Genau, diese Plastikkleber auf den Früchten sind ein Beispiel völlig unnötiger Verschmutzung durch Plastik. Richtigerweise wird heute gefordert beim globalen Plastikproblem an der Quelle anzusetzen durch Ersatz von Plastik durch abbaubare Materialen. Das sollten wir uns auch für unsere Kleidung merken. Synthetische Stoffe verlieren im Waschprozess Plastik-Mikrofasern, die im Abwasser landen. Dabei handelt es ich um grosse Mengen. Das lässt sich testen, wenn man diese Stoffe beim Waschen in einen Stoffsack sperrt. Erstaunlich, welche wie viele Plastikfasern sich hier ansammeln.

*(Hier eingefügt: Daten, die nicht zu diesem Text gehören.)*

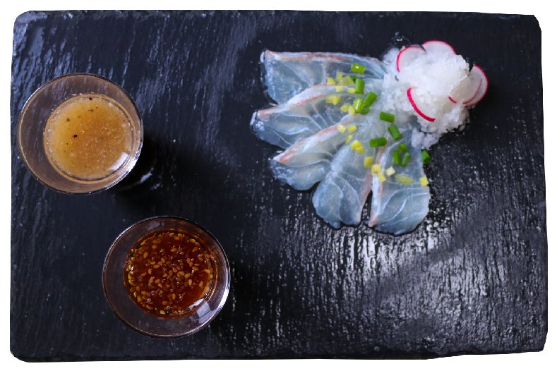 鯛の刺身を2種類の中華ドレッシングにつけて食べる・・・ビール、チューハイ、ハイボール、なんでも来いの万能な一皿です。
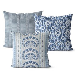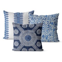 Wholesale Navy Blue Chinoiserie Cushion Cover Ikat Tie Dye Sofa Decorative Throw Pillow Cover Farmhouse Pillow Case Custom Size
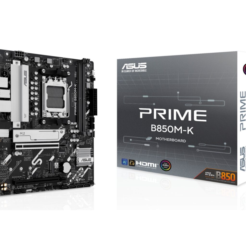Das ASUS PRIME B850M K (AM5) (D) von ASUS bietet zuverlaessige Mainboard-Performance mit hochwertigen Komponenten, umfangreichen Anschlussmöglichkeiten und ASUS-typischer Qualitaet. Ideal fuer Gaming- und Workstation-Systeme.
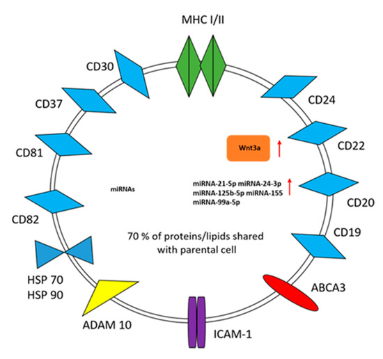 - Aung, T.; Chapuy, B.; Vogel, D.; Wenzel, D.; Oppermann, M.; Lahmann, M.; Weinhage, T.; Menck, K.; Hupfeld, T.; Koch, R.; et al. Exosomal evasion of humoral immunotherapy in aggressive B-cell lymphoma modulated by ATP-binding cassette transporter A3. Proc. Natl. Acad. Sci. USA 2011. [Google Scholar] [CrossRef] [PubMed]
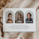 Un design moderne et bohème, parfait pour 3 amis ou frères et sœurs qui organisent une fête conjointe ! Vous pouvez ajouter vos propres photos (assurez-vous qu'elles sont recadrées dans Zazzle puis que les photos sont déplacées en bas des calques, de sorte qu'elles soient derrière les formes arquées) et modifier le nom dans chaque arche. Vous pouvez également modifier tout le texte de détails le long du bas.
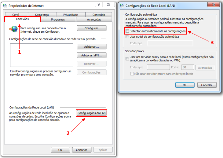 1- Em Painel de Controle > Opções da Internet > Aba Conexões > Configurações da LAN > Desmarcar a opção "Detectar automaticamente as configurações".
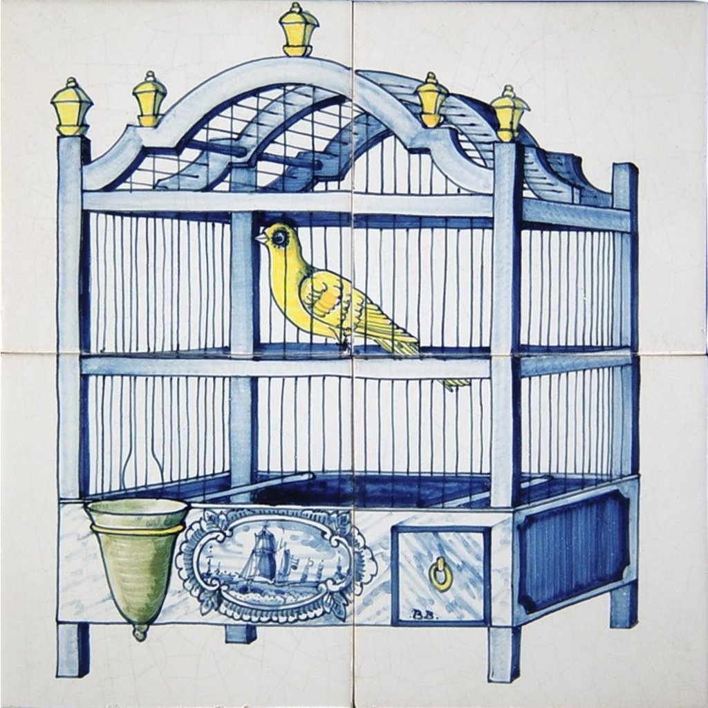 Tegeltableau vogelkooi met kanarie (ca.1850).

Also: Entweder keine Kleider aus synthetischen Fasern oder eine Waschmaschine, die intelligenterweise Plastik durch einen Filter zurückhält.
Martin A. Liechti, Maur
Was mein alter Freund Hanspeter Guggenbühl hier ironisch kommentiert, hört ja nicht beim Bio-Apfel oder bei der Garantiert-Sizilien-Orange auf. Der Selbstklebe-Etikettier-Wahn hat schon lang und durchdringend Methode. Leere Confitüre- oder Salzgurkengläser zum Beispiel eignen sich hervorragend als Behälter für mancherlei und entlasten so das Glas-Recycling – aber erst, nachdem man die Gläser mühsam von Etiketten befreit hat, die in einer Weise hergestellt und aufgeklebt wurden, als gälte es, die tausendste Generation nach uns über den ursprünglichen Inhalt zu informieren.
Den Vogel abgeschossen aber hat eine Anfang Jahr in Kraft getretene EU-Verordnung, nach welcher die Säcklein an Selbstbedienungstheken für Gemüse und Früchte aus kompostierbarem Plastik bestehen müssen. Die Preiskleber aber, welche die Waage ausspuckt, sind die alten nicht abbaubaren Etiketten. Da geht die Kundschaft also nachhause, nutzt den Biosack als Kompostbehälter oder wirft ihn einfach so zum Kompost, und die Etikette macht dort was? Industrielle Verschmutzung. Und warum? Weil jene, welche heute über industrielle Abläufe entscheiden, von ihren Marketingabteilungen davor geschützt werden, logisch zu denken.
Danke für den Kommentar, Herr Studer! Solange das Marketing über die Mechanismen der Produktion entscheidet, so lange haben wir weder nachhaltige Wertschöpfungsketten, noch wird es zu einer Abkehr von der unsäglichen Kurzfrist-Gewinn-Strategie der Geplanten Obsoleszenz kommen.